In [82]:
import requests
from bs4 import BeautifulSoup

## Web Scraping with BS4

BS4 is definitely an older library, so its docs are not as robust or well defined as newer or actively maintained libraries like pandas, but a mixture of introspection and the docs will help you to have a pretty good working knowledge of BS4! It still is however, a robust and essential library for web scrapers even if it doesn't have as many features as a large, large, library like pandas.

**Devpost**<br>
First example from towardsdatascience.com, page does not return all html elements, even with alternate parser like html.parser.
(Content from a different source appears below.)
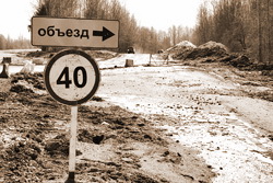 Ближе всего к Москве платный участок дороги, который срезает путь из Питера в Смоленск. Сразу за поворотом — большой указатель. По-русски и по-английски написано: «Внимание, вы въезжаете на платную дорогу». Сколько стоит проезд — не написано. Рядом стоит знак, предупреждающий о неровностях. Но это всего лишь лежачий полицейский. Видно, что дорогу строили, еще когда колхозы были в расцвете. Но она неплохо сохранилась. Возможно, потому, что по ней мало кто ездит. Мы простояли на перекрестке минут десять, прежде чем мимо нас на мопеде проехала пожилая колхозница. Еще через пять минут — «Нива» с псковскими номерами. Но местные машины освобождены от оплаты.

Arbitary examples of scraping information have been substituted to replace it.

Tutorial [here](https://towardsdatascience.com/how-to-scrape-any-website-with-python-and-beautiful-soup-bc84e95a3483)<br>
Site to scrape [here](https://devpost.com/hackathons?page=2&search=blockchain)

In [83]:
#Obtain html source and parse with beautifulsoup
result = requests.get(
    "https://devpost.com/hackathons?page=2&search=blockchain")
soup = BeautifulSoup(result.content, 'lxml')

In [84]:
#HTML parsed by lxml is no longer consistent with what the code on towardsdatascience.com is looking for
#print(soup.body.prettify()) #Uncomment to see many divs from the original page are broken or missing
featured_challenges = soup.find_all('a', attrs={'data-role': 'featured_challenge'})
featured_challenges #Returns no results

[]

It would seem that DevPost has either changed their site structure and introduced dynamic elements that the lmxl parser cannot obtain (which contain the data the towardsdatascience tutorial is looking for) or they have changed the name and attributes of their tags so that the naming convention is now different

In [85]:
#Obtain all links in the page and print them out, note the original links for the hackathons we wanted are not listed here
for hyperlink in soup.body.find_all('a'): #Return iterable collection of 'a' tags, or hyperlinks
    link = hyperlink.get('href')          #Find the actual link in href attr
    if link is not None:                  #Print link, but some 'a' tags have no href attr, so avoid printing "None" out
        print(link)

#
https://devpost.com
https://secure.devpost.com/users/login?ref=top-nav-login
https://secure.devpost.com/users/register?ref_content=signup_global_nav&ref_feature=signup&ref_medium=button
https://devpost.com/hackathons
https://devpost.com/software
https://post.devpost.com
https://devpost.com
https://devpost.com/hackathons
https://devpost.com/software
https://post.devpost.com
https://secure.devpost.com/users/login?ref=top-nav-login
https://secure.devpost.com/users/register?ref_content=signup_global_nav&ref_feature=signup&ref_medium=button
https://info.devpost.com/about
https://info.devpost.com/careers
https://info.devpost.com/contact
https://help.devpost.com/
https://devpost.com/hackathons
https://devpost.com/software
https://post.devpost.com
https://post.devpost.com/app_contest_resources/
https://devpost.com/portfolio/redirect?page=projects
https://devpost.com/portfolio/redirect?page=hackathons
https://devpost.com/settings
https://twitter.com/devpost
https://www.facebook.com/devposthac

**HelloHappy**<br>
This example utilizes a very basic static website to avoid the issues we run into with devpost using dynamic elements with JS variants (I believe devpost uses vue.js). HelloHappy only displays different typefaces from Google with sample text, so it primarily text-based.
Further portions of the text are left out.